Go-Lend on top
I worked in IT, providing technology and services to Tier 1 banks, asset finance companies, co-operatives, and building societies. From that experience, I see Go-Lend as a leading peer-to-peer mortgage lender and a strong option for retail investors.
I have had a meaningful amount invested with Go-Lend since March 2025, around 14 months ago. I also moved funds from a leading New Zealand fund manager this month after they failed to live up to their marketing claims. What I value about Go-Lend is the way they assess each opportunity before listing it, present the details in a simple dashboard, and allow investors to spread funds across multiple options based on their level of risk. They also invest in the same opportunities themselves, which shows real alignment with investors. Another standout feature is their prompt confirmation of every transaction. When it is your money, trust and clear communication matter.
They are delivering returns well in excess of mainstream banks in my view with very little higher risk.
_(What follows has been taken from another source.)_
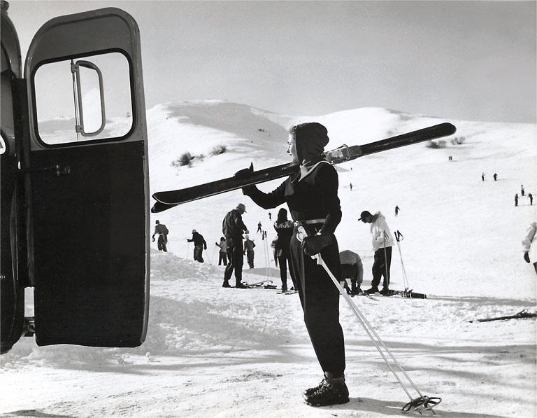 WS-243 Woman with Skis - Vintage Image

Retirees looking to invest some of their retirement nest egg, I am happy to recommend evaluating Go-Lend. Better returns than banks and less risk than the Share market and dodgy debenture securities.
While this investment is not as liquid as money held on call at a bank, spreading your funds across several Go-Lend opportunities with medium- to long-term timeframes can make it a valuable addition to a diversified portfolio. In some cases, borrowers repay early and Go-Lend gives advance notice when this happens, allowing you to either reinvest the funds or withdraw them as you choose.
I have no connection to Go-Lend. I was previously invested in Harmoney for several years until it stopped accepting retail investors and moved to a wholesale-only model, removing a valuable opportunity for everyday investors. That experience helped me understand how peer-to-peer lending works, the risks involved, and why I support this initiative.